Friday, February 20, 2009

Friday Radio: The Stars Are the Styx (X Minus One)


Based on the story by Theodore Sturgeon, published in Galaxy Science Fiction, October 1950.

Originally broadcast on NBC, July 24, 1956.

(A novella by Theodore Sturgeon, "The Golden Helix," appears in Thrilling Wonder Stories, Volume 2.)

UPDATE: It looks like this is one of those files that won't work in the player for some reason. So click here to download the mp3 file, and listen to it however you can.

Did Theodore Sturgeon have a thing for albinos? I ask because there's a beautiful albino woman in this episode*, and there's also one in the above-mentioned "The Golden Helix." I can't find anything about it via Google.

The narration in this episode seems extraordinarily clumsy to me, with Charon narrating action at one point literally while he's in the midst of performing it, gasping with the effort. It kind of kills suspension of disbelief when you picture him continually giving a past-tense account of his present activity to no one. (After all, we're not there, are we?)

And incidentally, "Charon" is the name, like the (then-undiscovered) moon of Pluto. The scene in which Flower apparently recognizes the mythical source points up the differences between text and audio. In text, we're less likely to ask ourselves why no one who hears the name Charon asks, "Karen? What, were your parents expecting a girl?"

Note that at the end, the announcer misattributes the story to H.L. Gold. They'd just done his "The Old Die Rich" the previous week, so maybe the staff accidentally handed the announcer the wrong copy to read.
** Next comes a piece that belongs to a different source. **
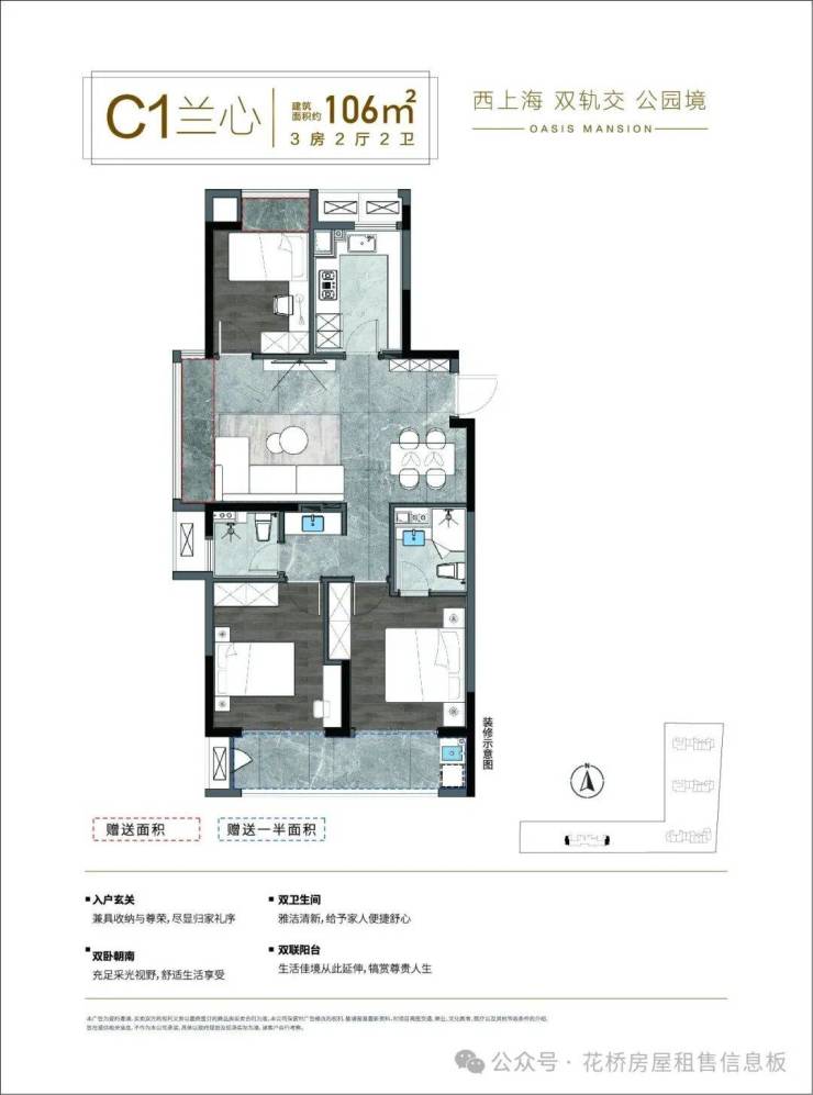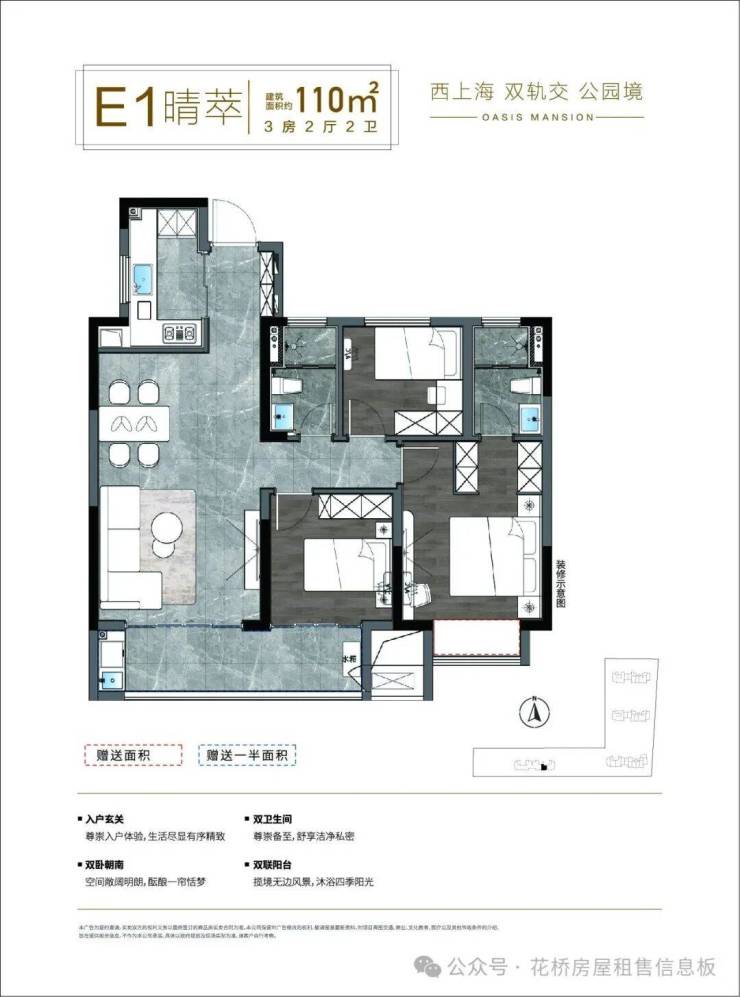 建筑面积约80㎡–110㎡装修美宅,配备新风、中央空调(“中空”建议写为全称),细节打磨品质生活。

One last thing: This copy of the episode is so clear that you can tell how worn-down the stock-music records were. The music sounds distinctly crackly and lacking in range.

*- I have to admit, I haven't read the story, and I don't have any magazine or book it appeared in, but I assume she's in the story, too. If not, perhaps it was adapter Ernest Kinoy who had a thing for albinos.